Although one of my friends has joyfully leapt on this as an excuse for an extra wedding. :smiley:

Well, in any case, I hope we can agree that Canada is the best nation on Earth.

Sigh. Did you even read the thread? I was happy being an observer, being entertained by what was happening to Jack Batty. People then were asking me questions and slowly I became a focal point, as well, initially regarding the conflation of inter-racial marriage and SSM. Now why do you think that happened, and happens in these threads fairly commonly? Hmmmmmmmmmmmmmmmm. Oh, could it be that I am one of the few people who will voice a position on SSM that runs counter to the SD pack? Answer: Why, yes, yes that seems like a perfectly logical explanation. But since you found this so odd and troubling, I’ll tell you what I’ll do, you start another SD thread about SSM and entitle it, “The Princhester SSM Circle Jerk Thread”, and I promise to not post in it. Really and truly! OMG—just think of the fun it would be debating all those people who agree with you. Enjoy!

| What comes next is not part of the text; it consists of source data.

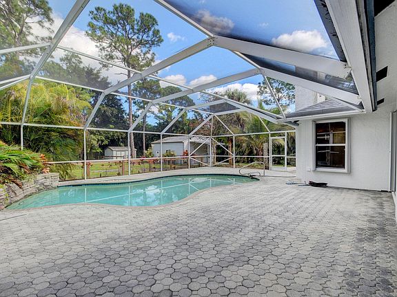 Incredible property on quiet street on North side of Jupiter Farms. Tilt wall, pool home on 1.2 acres fully fenced, gated and private. Great neighborhood and friendly neighbors.3/2/2 split plan with den/office and wood burning fireplace. Screened patio and in-ground pool, accordion shutters, 2016 roof, 24x26 workshop, and 8x12 shed. Horse Paddock. Close to preserves, state parks and Nature Trails. Interior recently painted, updated security system, reverse osmosis system, new pool heater and filter. NO HOA. Close to shopping I-95 and turnpike.
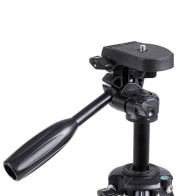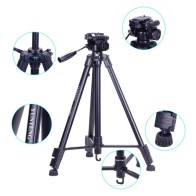 Trépied en alliage d'aluminium, léger et compact, robuste et durable. Design à double niveau à bulle, trois boutons de réglage d'amortissement tête effet boule, réalisant tout angle de tir, précise et efficace.3 sections. Colonne jambe avec libération rapide verrous, donnant une manipulation plus commode de jambe, satisfaire votre hauteur voulu lors de la prise de photos. Detachable plateau rapide pour connecter rapidement à l'appareil photo ou le caméscope. Caractéristiques avec une tête pan-tilt-swivel avec un niveau à bulle.
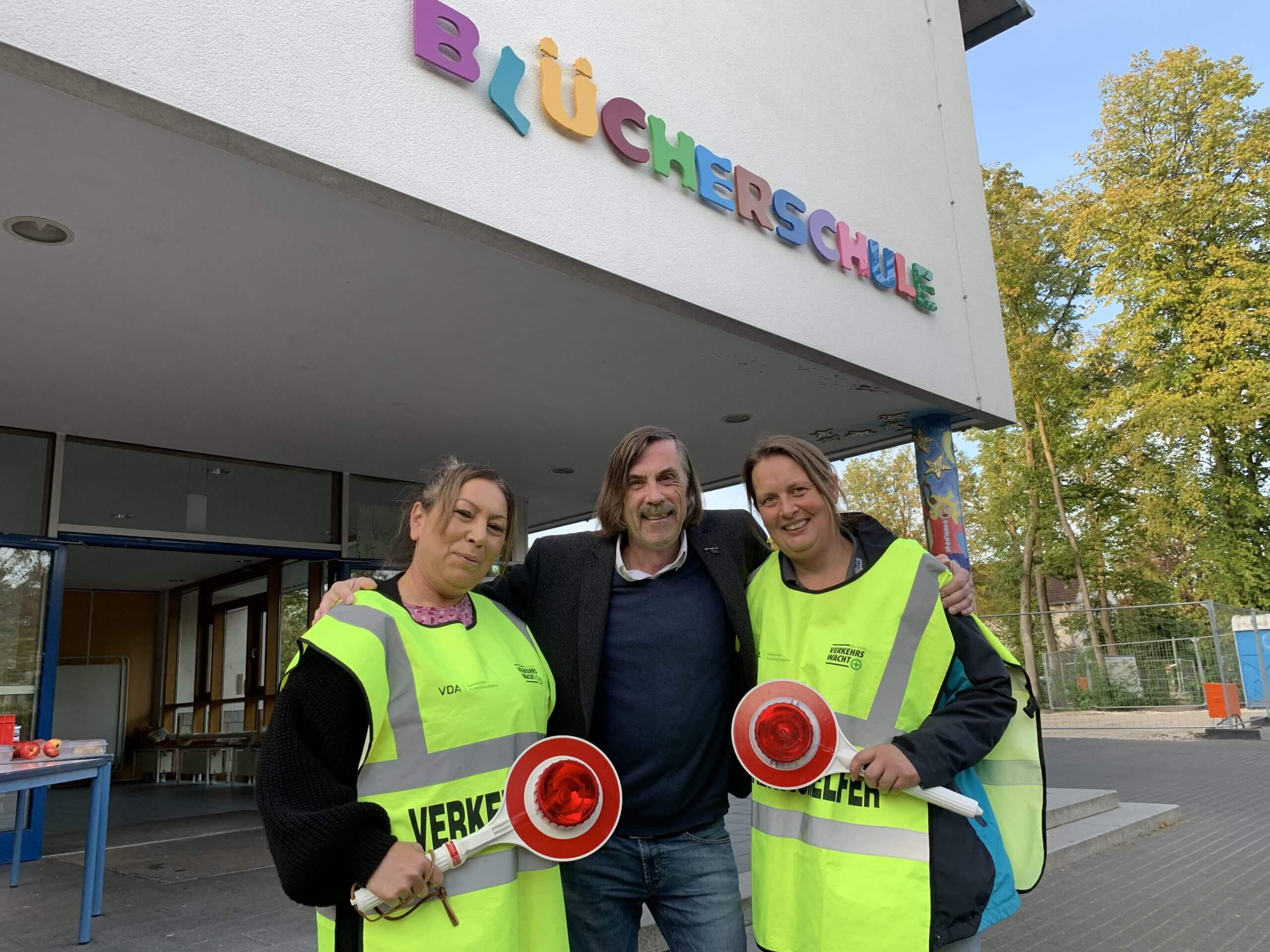 BU Schülerlotsen: Eltern engagieren sich als Schülerlotsen freiwillig für einen sicheren Schulweg: (v.l.) Özlem Eren, Bürgermeister Norbert Morkes, Nina Dragunski. Foto: Stadt Gütersloh.

How exceedingly odd. I think that gay couples should be able to visit each other in the hospital, have the same inheritance rights as married couples, serve in the military, have their partners covered on their insurance, adopt children, etc., etc., etc., and that’s vile? Oh, no, wait—it’s not vile until I also include into the equation the important role the traditional family has played in our culture and want to protect it. Is that right? If I have two things that I view as important and see a way top have both of them, but you value only one of them, that’s what make it vile. Is that about right, Mr. Condescending?

I didn’t say it wouldn’t impact society, I think it would, somewhat. But this is a case, for me, of competing interests—two things that I view as a “good”. One is allowing SS couples to enjoy all the legal rights and privileges the straight couples do. The other is preserving a special place for the notion of “marriage”. You want to call finding a way for both those things to exist nutty, knock yourself out. Guess we have a different definition of “nutty”. ::shrug::

Someone check my math on this, Magellan is arguing that same-sex couples have the right to everything but the word.

Because the word is magic, and to change the word would horribly damage society in a way that Magellan is unable to communicate.

How is that any different from someone in the 1960s arguing that interracial marriages should be allowed, but should be called mixed-couplings?

Why is marriage made less *special *if homosexuals engage in it?

I agree. It would impact society. It would give people one less reason to think gays are different or that their feelings are of lesser value that those of straight people.

You have yet to articulate what negative impact there would be on society, other than people would use a word to more inclusive. It would not change any marriage between straight people in any way.